Average Contract Value (ACV)
Average Contract Value (ACV) is the average annualized revenue a single customer contract generates, normalizing multi-year deals to a yearly figure.
In depth
ACV is typically calculated by dividing the total contract value by the number of years in the term, which lets you compare a three-year deal and a one-year deal on equal footing. It excludes one-time fees in most definitions, focusing on the recurring component so that growth and churn can be modeled cleanly. Sales leaders watch ACV to gauge whether the business is moving upmarket, holding steady, or drifting toward smaller, less profitable accounts.

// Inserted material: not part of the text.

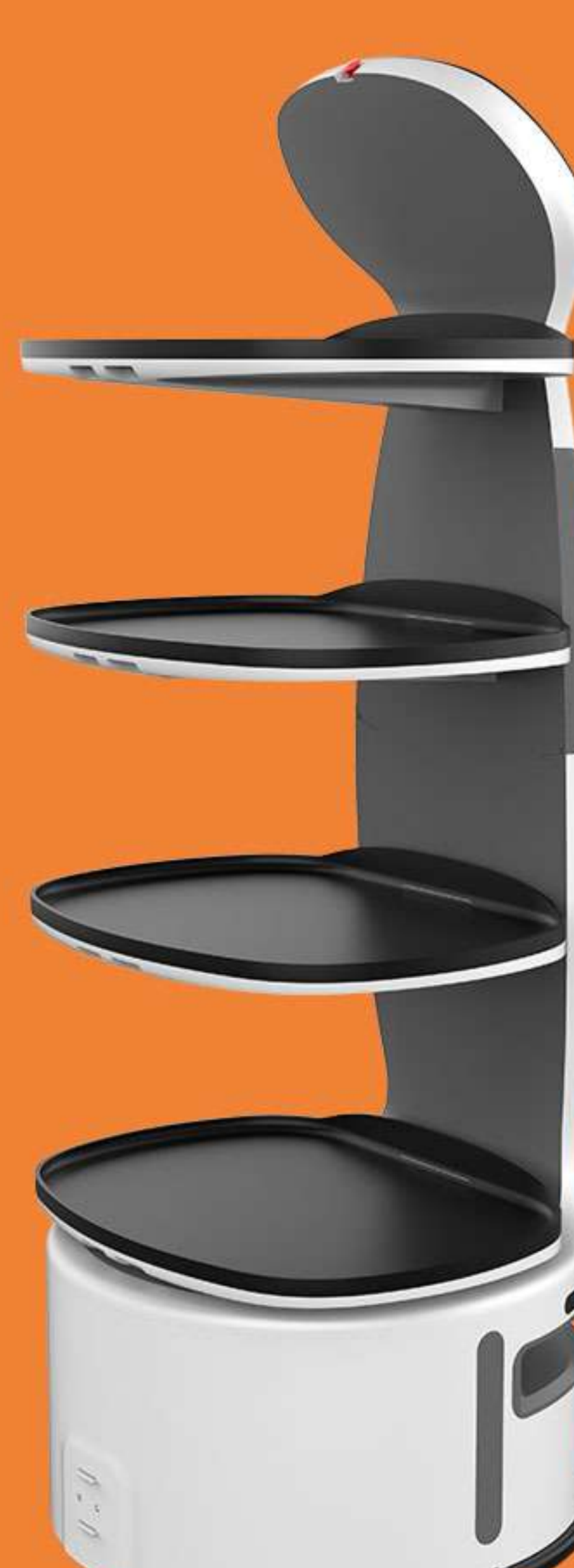
4-layer open tray

A frequent mistake is confusing ACV with total contract value or with ARR; ACV is per contract and annualized, whereas ARR is the aggregate across all active contracts. Within a quiz-funnel strategy, ACV is a north-star outcome metric: by qualifying leads on firmographic and budget signals before they enter the pipeline, you bias the inbound mix toward accounts likely to sign higher-value annual commitments, gradually raising ACV without increasing ad spend.
Example in practice
Frequently asked questions
How do you calculate ACV?
Divide the total contract value by the number of years in the term, usually excluding one-time setup or services fees. For a 60,000 USD three-year deal, the ACV is 20,000 USD per year.

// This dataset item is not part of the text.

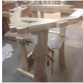
There is a wooden barrier all around the stone to and legs with carvings below. Here the parts are fit together without glue and I'm still deciding how to arrange the legs to support a lower level.
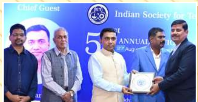
The college received the "Best Engineering College" by ISTE New Delhi.

What is the difference between ACV and ARR?
ACV measures the annualized value of a single contract, while ARR aggregates the recurring revenue of all active contracts. ACV describes one deal; ARR describes the whole book of business.
How can lead qualification raise ACV?
By screening prospects for budget, company size, and use case before they reach sales, you steer more high-value accounts into your pipeline. A scorecard quiz automates this filtering at the top of the funnel.